§ Task instructions: Using the entries that follow, transcribe only the lines from the line with "This grouping includes" to the line with "(1)未成年人法律援助制度落", both included, exactly as they stand and without pictures.

§ Dataset:
__________
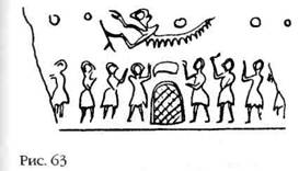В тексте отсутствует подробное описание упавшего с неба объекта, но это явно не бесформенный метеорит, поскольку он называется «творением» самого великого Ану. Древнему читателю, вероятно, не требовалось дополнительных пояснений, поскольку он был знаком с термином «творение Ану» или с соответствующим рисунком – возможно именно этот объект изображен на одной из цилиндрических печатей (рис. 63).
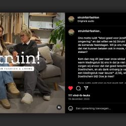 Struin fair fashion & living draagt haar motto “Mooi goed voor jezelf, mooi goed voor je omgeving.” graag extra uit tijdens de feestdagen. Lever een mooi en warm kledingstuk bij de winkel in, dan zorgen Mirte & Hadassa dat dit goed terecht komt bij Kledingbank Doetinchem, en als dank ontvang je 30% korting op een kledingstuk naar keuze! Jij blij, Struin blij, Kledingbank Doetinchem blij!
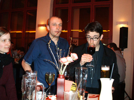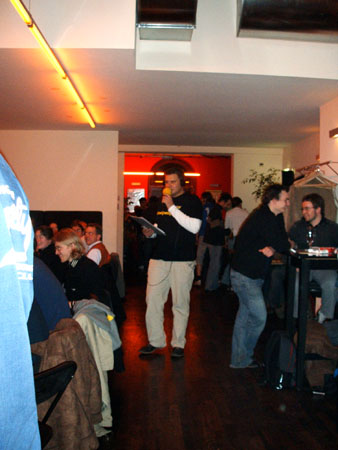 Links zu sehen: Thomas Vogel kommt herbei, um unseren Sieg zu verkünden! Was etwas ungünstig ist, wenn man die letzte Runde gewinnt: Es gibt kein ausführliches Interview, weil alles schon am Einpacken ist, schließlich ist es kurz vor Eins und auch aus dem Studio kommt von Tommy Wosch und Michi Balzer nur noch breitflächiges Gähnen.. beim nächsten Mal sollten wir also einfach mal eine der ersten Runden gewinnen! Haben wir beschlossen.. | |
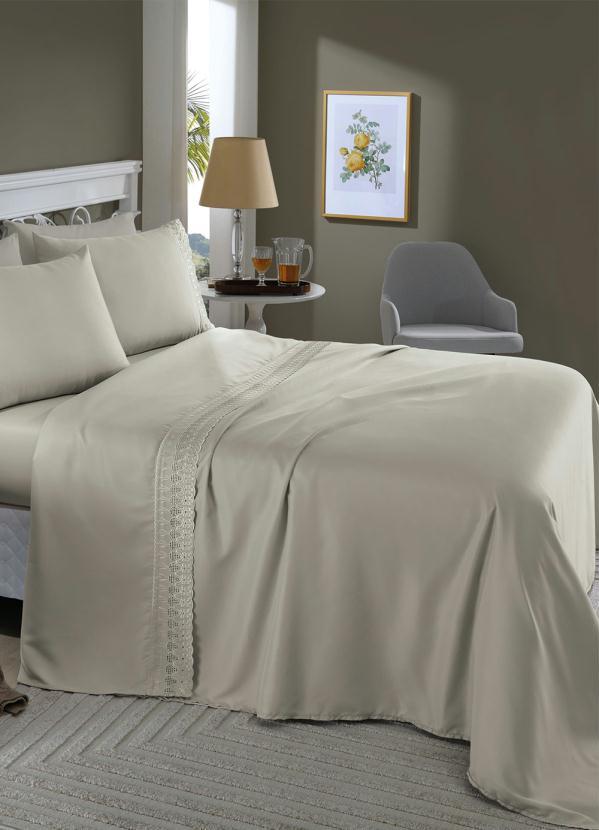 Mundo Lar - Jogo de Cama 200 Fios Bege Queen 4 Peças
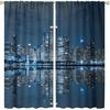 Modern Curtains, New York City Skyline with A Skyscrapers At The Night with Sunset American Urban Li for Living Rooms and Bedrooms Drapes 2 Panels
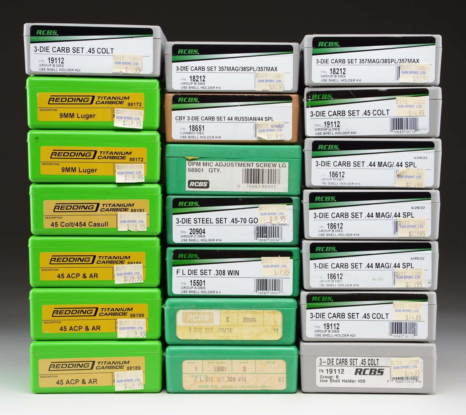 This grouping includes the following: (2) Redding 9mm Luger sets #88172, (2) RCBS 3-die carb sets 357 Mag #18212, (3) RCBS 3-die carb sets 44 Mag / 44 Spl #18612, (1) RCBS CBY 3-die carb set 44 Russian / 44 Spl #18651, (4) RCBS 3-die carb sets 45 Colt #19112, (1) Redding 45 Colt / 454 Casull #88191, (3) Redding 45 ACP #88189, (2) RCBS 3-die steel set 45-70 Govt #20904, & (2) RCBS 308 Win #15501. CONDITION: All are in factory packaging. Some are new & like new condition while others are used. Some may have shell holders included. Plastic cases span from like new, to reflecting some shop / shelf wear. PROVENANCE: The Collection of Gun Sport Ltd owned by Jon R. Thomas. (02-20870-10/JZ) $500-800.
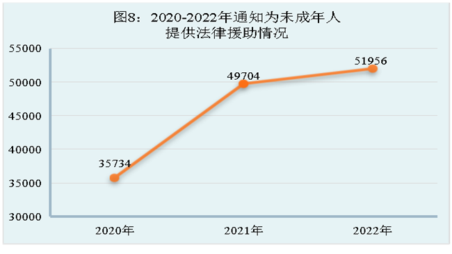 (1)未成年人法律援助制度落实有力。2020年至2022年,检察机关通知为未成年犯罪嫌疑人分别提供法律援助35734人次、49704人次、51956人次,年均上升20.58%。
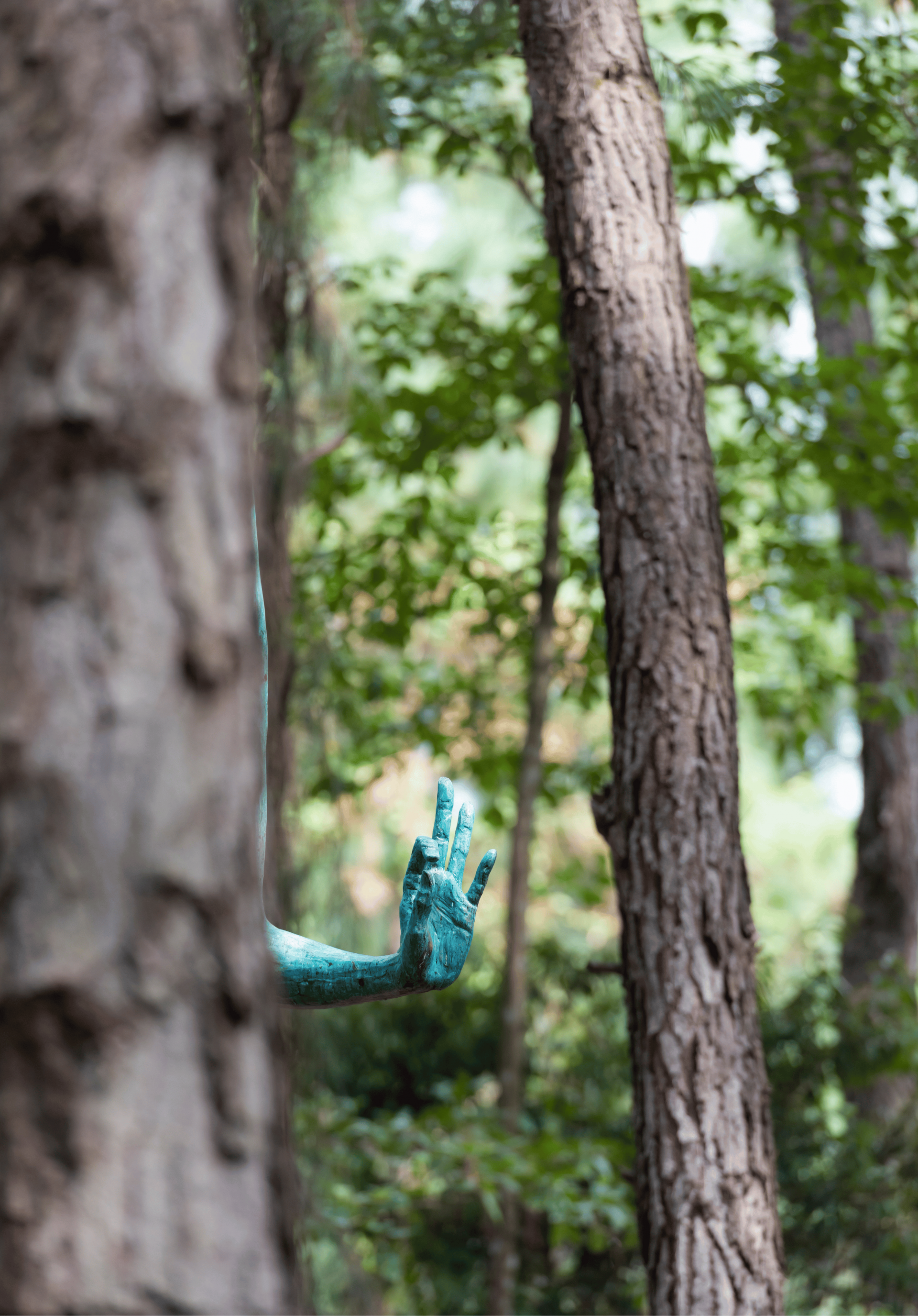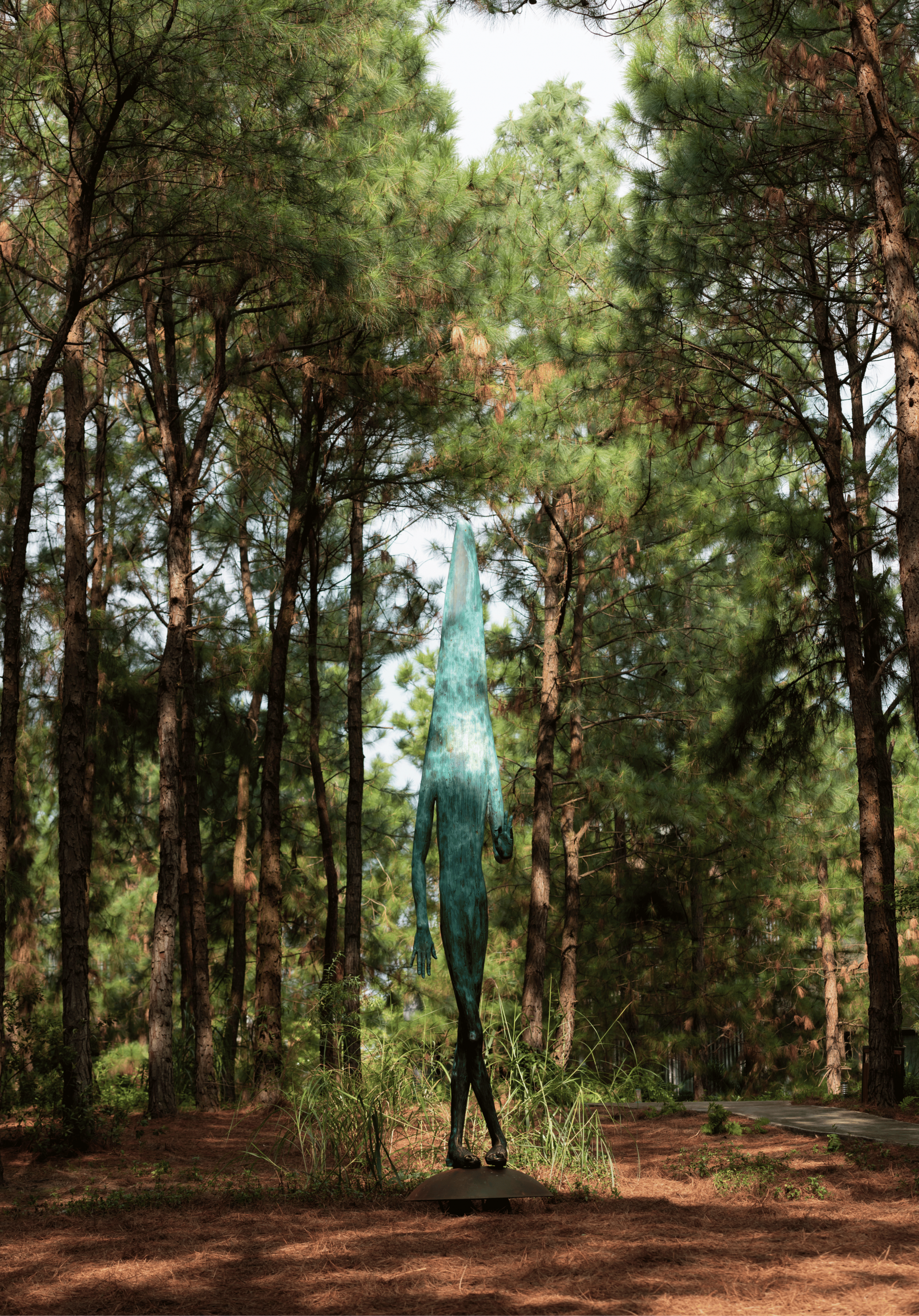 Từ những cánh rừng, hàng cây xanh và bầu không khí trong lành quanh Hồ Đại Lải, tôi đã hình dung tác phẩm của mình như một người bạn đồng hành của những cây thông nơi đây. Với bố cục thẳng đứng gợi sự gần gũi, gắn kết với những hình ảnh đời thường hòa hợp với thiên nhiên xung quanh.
__________
§ Response area:
 This grouping includes the following: (2) Redding 9mm Luger sets #88172, (2) RCBS 3-die carb sets 357 Mag #18212, (3) RCBS 3-die carb sets 44 Mag / 44 Spl #18612, (1) RCBS CBY 3-die carb set 44 Russian / 44 Spl #18651, (4) RCBS 3-die carb sets 45 Colt #19112, (1) Redding 45 Colt / 454 Casull #88191, (3) Redding 45 ACP #88189, (2) RCBS 3-die steel set 45-70 Govt #20904, & (2) RCBS 308 Win #15501. CONDITION: All are in factory packaging. Some are new & like new condition while others are used. Some may have shell holders included. Plastic cases span from like new, to reflecting some shop / shelf wear. PROVENANCE: The Collection of Gun Sport Ltd owned by Jon R. Thomas. (02-20870-10/JZ) $500-800.
 (1)未成年人法律援助制度落实有力。2020年至2022年,检察机关通知为未成年犯罪嫌疑人分别提供法律援助35734人次、49704人次、51956人次,年均上升20.58%。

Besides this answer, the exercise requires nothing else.